Clint Mooney (Board Member)
"As a realtor, photographer/videographer and previously, a State Park Interpreter, I was drawn to this mansion and the goals set forth by this foundation. A group of people inspired by something bigger than themselves!
Farmville Virginia is an amazing place to live and has been for a long time. The Dunnington Mansion’s history is a perfect example of that. I feel honored to be a part of this group. One day I hope to see this home restored and become a beacon for the community where all can enjoy such an amazing piece of local history."
Richard McClintock (Board Member)
Richard McClintock of Farmville is trained as a Latin Professor, but for years his day job was as editor and graphic designer at Hampden-Sydney College. A lifelong preservationist and architectural historian, in retirement he produces build-it-yourself kits of historic houses, as fund-raisers for the sites.
He is active in local arts organizations, as former co-president of Central Virginia Arts, as a member of the advisory boards of the Longwood Center for the Visual Arts and of the Atkinson Museum of Hampden-Sydney, and as a volunteer designer for local groups, like the Heartland Regional Visitor Center, High Bridge Trail State Park, the Heart of Virginia Festival, and the Moton Museum. He is an appointed member of the Prince Edward County Tourism Committee.

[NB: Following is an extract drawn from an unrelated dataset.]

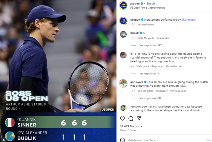Ante estas palabras, Sinner solo se reía. Pero Bublik luego de algunos minutos de su partido volvió a viralizarse, ya que en la publicación oficial del US Open que entregó el resultado del duelo, escribió: "IA".

John Karratti (Board Member)
"I'm a photographer based in Meherrin, VA. I'm currently working for the Farmville Herald and several non-profit organizations in the Prince Edward County area.
I am extremely passionate for anything nature and history related. The Dunnington Mansion holds a special place in my soul, as our own home in Meherrin was built in 1754 and has some ties to Poplar Hill. I am humbled to be a part of the DMF and the mission!"
Jeffery A. "Free" Harris
Jeffrey A. “Free” Harris is a Hampton, Virginia based historian & historic preservation consultant who works with preservation organizations, historic sites, and non-profit organizations on issues related to diversity in the preservation movement and historic site interpretations. He is a national public speaker on US history, as well as on issues related to African American, US music, LGBTQIA+ and diversity broadly within the broader historic preservation movement.
Currently, Free is working as a consulting historian on an architectural survey of Thomas W. Boyde, Jr, the first registered African American architect in Rochester, NY; he also served as a consulting historian on a multiple property document focused on Virginia’s African American waterman communities around the Chesapeake Bay. He served as a consultant on the first phase of an historic context study of the LGBTQIA+ communities of Raleigh, NC.
Free was the first Director for Diversity at the National Trust for Historic Preservation; he also served as Program Coordinator for the organization’s African American Historic Places Initiative. Free currently is the Board Chair of the Rainbow Heritage Network, a national organization that advocates for the preservation of LGBTQIA+ historic places. He also served most recently on the Virginia Board of Historic Resources (2019-2023).
In July 2024, Free gave a lecture at the Preservation Institute Nantucket (a part of the University of Florida’s historic preservation program) on making the intangible in historic preservation tangible. Free gave the 2023 L. C. Dillenback Lecture at the Syracuse University School of Architecture on Thomas W. Boyde, Jr. (the first Black graduate of the school’s architecture program) and his place among African American architects of the early to middle 20th century. He contributed the chapter “’Where We Could Be Ourselves’: African American LGBTQ Historic Places and Why They Matter” to the National Park Service’s 2016 LGBTQ Heritage Theme Study.
Past consulting clients have included the Heritage Ohio, the Nevada Preservation Foundation, Hanbury Preservation Consulting, the city of Raleigh, North Carolina, the Young Preservationists Association of Pittsburgh, and Cliveden (a National Trust Historic Site).